Facing nothing but delays in shipping, the future of my rescued bees was not looking good last night.  Finally, I made some calls to area beekeeping associations and no one seemed to have any bees they could offer.  Finally, someone suggested I try Dr. Thompson in Joplin, MO.  I put a call in to him this morning and left a message.  He returned my call, listened to my plight with the rescue bees and offered to provide a queen and five frames of brood, eggs and bees.  Just exactly what I and the bees needed!!

My wife, Joan and her sister, Michele, took a ride with me to Joplin.  About a 30 minute drive to Dr. Thompson’s bee yard.  I took a five frame nuc box with me and he fixed me up with five frames of bees, brood, eggs and a nice Carniolan queen.  We quickly returned home with the bees riding in the trunk of Joan’s car, safely tucked away in the nuc box.  I opened the rescue hive and found that I still had about two pounds of healthy bees and they were consuming sugar syrup.  I sprayed both groups of bees with a mix of sugar syrup, Spearmint oil and Lemon Grass oil.  The combination covers all scents, so the bees cannot communicate, nor can they recognize a new queen nor other bees being introduced to the colony.  This method seems to work well and I don’t need to use smoke to calm the bees.  In went the five frames from Dr. Thompson, along with five frames of new beeswax foundation.  They have their new home.

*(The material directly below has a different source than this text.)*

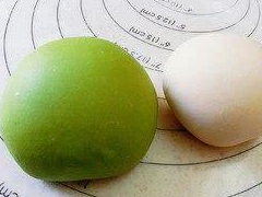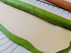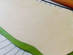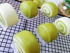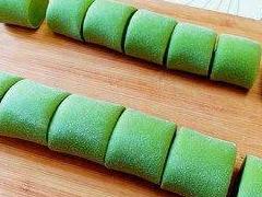 原材料:牛奶65克、糖15克、酵母1.7克、普通面粉170克、纯菠菜汁85克、普通面粉130克、白色面团、绿色面团、酵母1.3克

Within a half an hour, the entire new colony were calmed down, consuming sugar syrup and making orientation flights….sort of like “rebooting their GPS system.”Soon it will be dark and all the bees will be busily working inside the hive and at first sun, the foraging will begin anew.  One fine colony of bees, working together for the common good of the hive.  Morale will be normal with a strong queen scent to encourage their work.  The queen will be laying eggs…with this much food available…something around 1,200 eggs each day and the colony will very quickly grow stronger and stronger.

Still a two to three week wait for the two package of bees I have coming, but I will now be able to put the two packages together, starting the colony with six pounds of bees and a new queen.  They should build up and survive the winter, even if I don’t get any honey from them this year.  The real pleasant surprise was to discover that Dr. Thompson is using many of the same experimental methods that I’m using!  He’s also using essential oils, plastic comb for drone (male bee) eggs, oil traps to capture annoying Small Hive Beetles and several other organic methods of bee management.  I am not alone in my thinking!

So, this evening, we have order out of chaos in the world of Colony A.